Tin Market Shock
According to the LME quotations, tin prices have increased 31% y.o.y to $19,700/tonne on the 23rd of September 2016 (cash buyer basis). In the last week alone, prices rose by over $300/tonne, which was explained as being due to a long position holder.
These prices were echoed in China. Tin Ingot (99% min) rose 19.25% over the past year to RMB128,000/tonne (~$20,000/tonne) and 60% concentrates rose 21.39% y.o.y to RMB113,500/tonne (~$17,734/tonne).
There are a number of factors playing into the rise in prices. These are:
- Stock levels: According to ITRI, pipeline stocks held by tin users have fallen by a third (~10,000 tonnes) over the last five years to an estimated 21,000 tonnes. Furthermore, LME inventory is looking quite depleted. Open tonnage, which is the volume available for settlement positions, reached a twelve-year low of 2,705 tonnes at the beginning of September.
- Declining supply from Indonesia: Indonesia is the largest supply in the world however exports in the first eight months of the year declined 16% y.o.y to 38,343 tonnes. This compares to 100,000 tonnes supplied in 2012. According to recent reports, Refined Bangka Tin (RBT), a large private tin smelter in Indonesia has resumed production after a five months of not producing and will aim to export 12,000 tonnes this year. However, the company is unlikely to reach this target.
- Environmental crackdowns: In Indonesia, repeated government crackdowns have contributed to the decline in Indonesia’s tin production. According to Indonesia’s Energy and Resources Ministry, in May only 60% of the tin producers were operational and most were not operating at capacity. In addition, environmental audits in China during August also saw the closure of several Chinese smelters in the short term. Many smelters have reopened, though four smelters accounting for 18% of China’s output is expected to remain closed until the end of October leading to short term tightness.

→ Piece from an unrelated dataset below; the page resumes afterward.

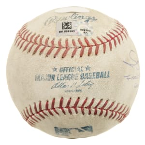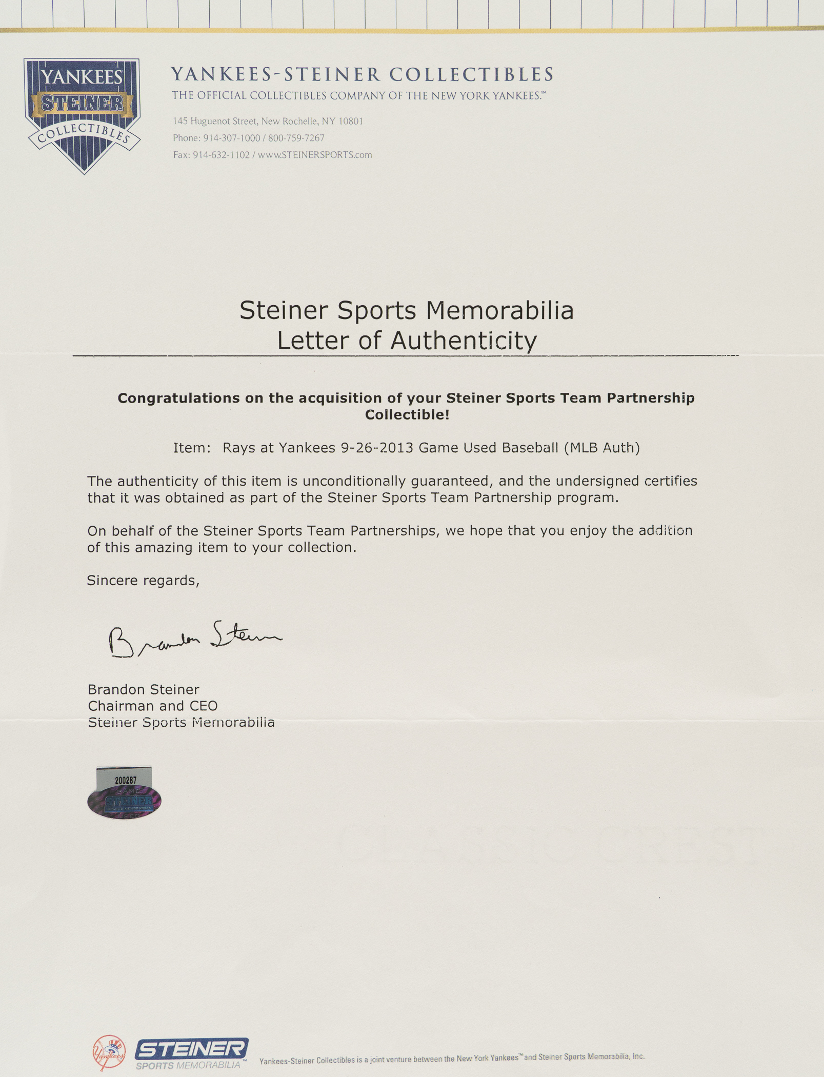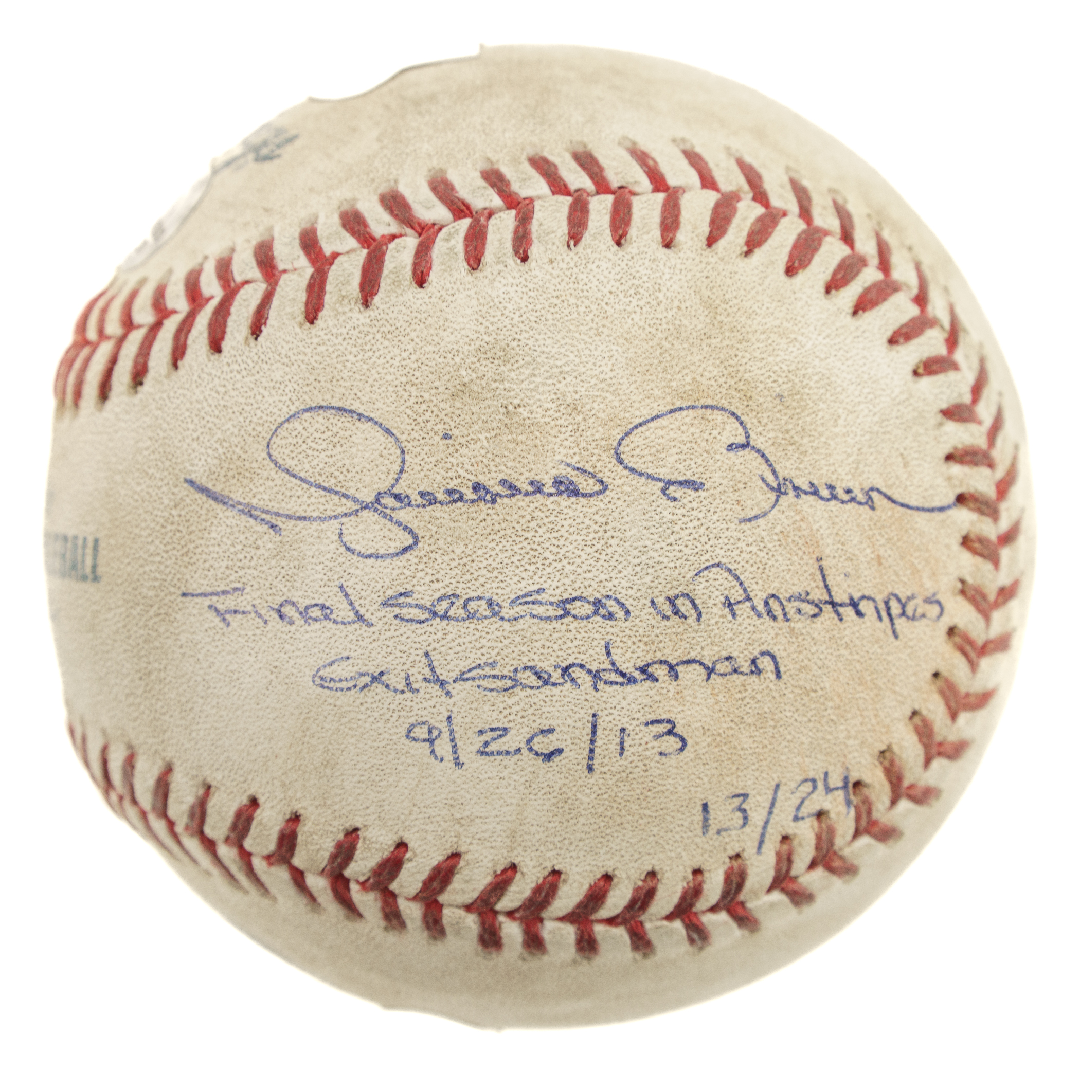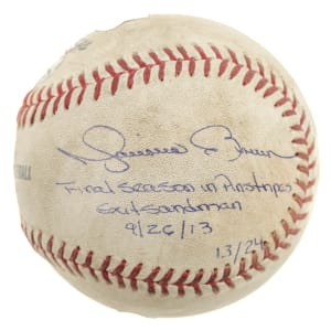 On September 26, 2013, Hall of Fame closer Mariano Rivera appeared in his final career game, pitching 1 1/3 scoreless innings in the New York Yankees' 4-0 loss to the Tampa Bay Rays at Yankee Stadium. Offered is a game-used baseball from that contest. Rivera has signed the Official Major League baseball (Selig) "Mariano Rivera/Final Season in Pinstripes/Exit Sandman/9-26-'13" in blue ink along a side panel. The ball, which bears a "13/24 limitation number, is lightly soiled, consistent with that of a game-used ball. The ball is affixed with MLB and Steiner certification stickers. Auction LOA from James Spence/JSA.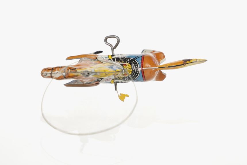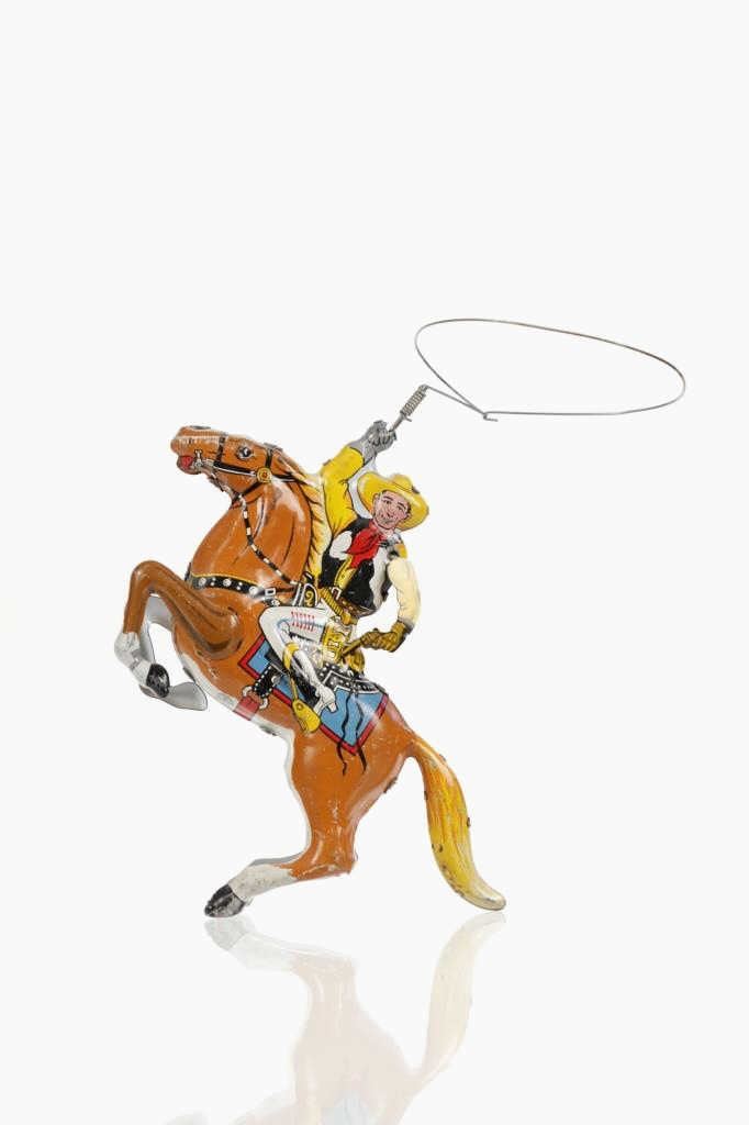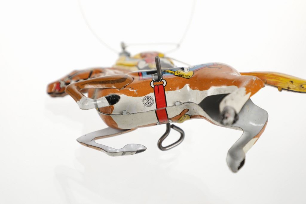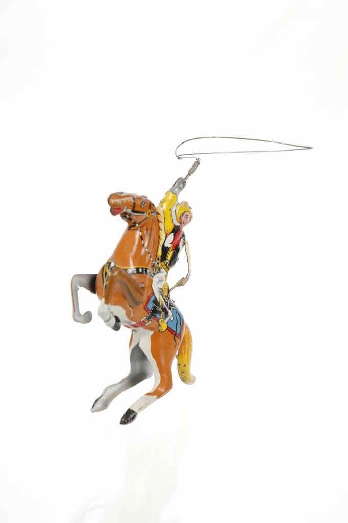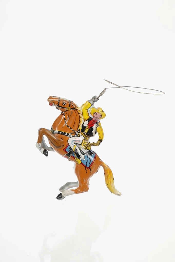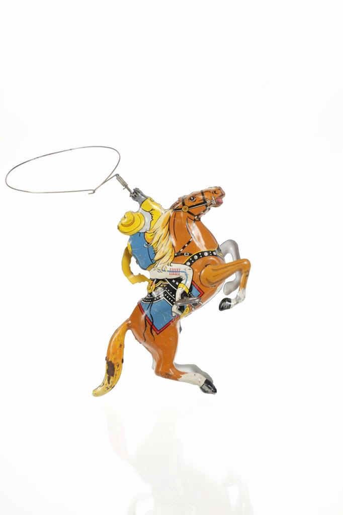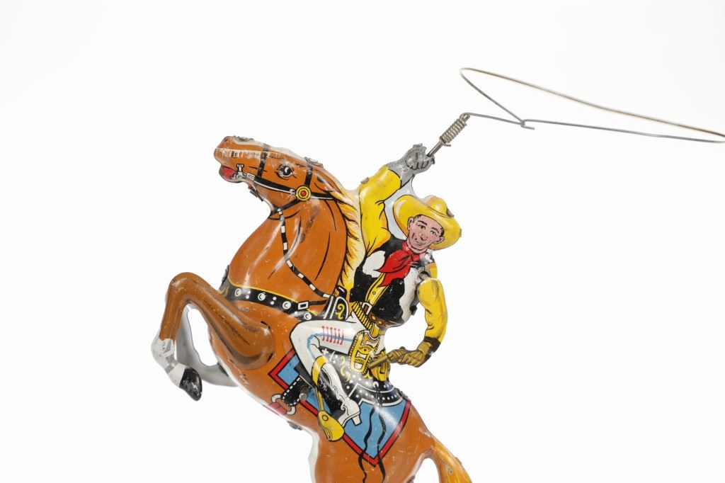 For your consideration is this 1940 Louis Marx & Company wind up cowboy toy titled, "Range Rider". Louis B. Marx, born on August 11, 1896, in Brooklyn, New York. In 1919, Marx founded Louis Marx & Company, paying toy makers to make goods for him until he bought production facilities in 1921. Marx created and produced a wide range of toys, and the business also enhanced and improved toys produced by other manufacturers before selling them at lower prices. Marx purchased manufacturing facilities in Erie, Girard, Pennsylvania, Glen Dale, West Virginia, and the nearby city of Wheeling in the early 1930s. An addition was constructed in 1948–1949 to facilitate the manufacture of plastic toys. In the 1940s and 1950s, Marx became the greatest toy manufacturer in the world due to the enormous Glen Dale factory, which produced more toys than any other Marx facility. At Glen Dale, four unions were active, and there were over 2,000 employees at the start of the 1960s. But, once Louis Marx sold the business to the Quaker Oats Corporation in April 1972, business began to decrease. In April 1976, Quaker sold to Dunbee-Combex Ltd. In January 1980, Glen Dale's 800 employees were laid off, and the renamed Dunbee-Combex-Marx shortly declared bankruptcy. Louis Marx passed away on February 5, 1982, at his home in Scarsdale, New York. The toy shows a cowboy in a yellow shirt and cowboy hat, a black and white vest, white pants, and white and black cowboy boots as his sits on his light brown horse swinging his lasso above his head. The horse is wearing harnesses and a blue and red blanket under the black and white saddle. The cowboy holds a revolver in his left hand. Looking at the horse head on, on the left side is a wind up key which moves the lasso around the cowboys head. The toy shows good condition overall with slight wear from its vintage age but is still in working order. The toy measures 7 3/4" L x 2 1/2" W x 5 1/4" H.

- Local disputes: Burma has a long history of producing tin, but only began concentrating around three years ago. The mining district in the South has three contractors, of which, two of them (Heinda and Bawapin) halted production in June for two months owing to disputes with local residents.
Notwithstanding local disputes, Myanmar’s Wa district, an area largely controlled by the State with political and economic ties to China has emerged as the swing producer in the tin story over the last few years and established the country as the (distant) third largest producer of tin with pretty much all of it going to China.
- China keeps its tin for domestic use: Despite challenges with the environmental audits, China did not need to increase its net imports. Net imports to China totaled 4,000 tonnes in the first seven months of the year, down 26% y.o.y. China instead was able to draw down local stocks. Also as the recipient of Myanmar’s exports, China has more than adequate tin supplies.
- ShFE vs LME: A 10% export duty on exports of refined metal ensures that China by-and-large does not export tin. Furthermore, the Shanghai Futures Exchange (ShFE), while it hasn’t garnered the same level of success as the nickel contracts, is attracting tin to warehouses registered with the ShFE. Volumes traded in the first eight months of the year totaled 4.47m tonnes, up from 1.03m tonnes recorded during the period from March-December 2015. It is expected that Shanghai volumes will continue expanding at the expense of LME volumes.
We expect that the LME will be subject to periodic supply shocks over the next few months, especially as the ShFE gains more and more traction.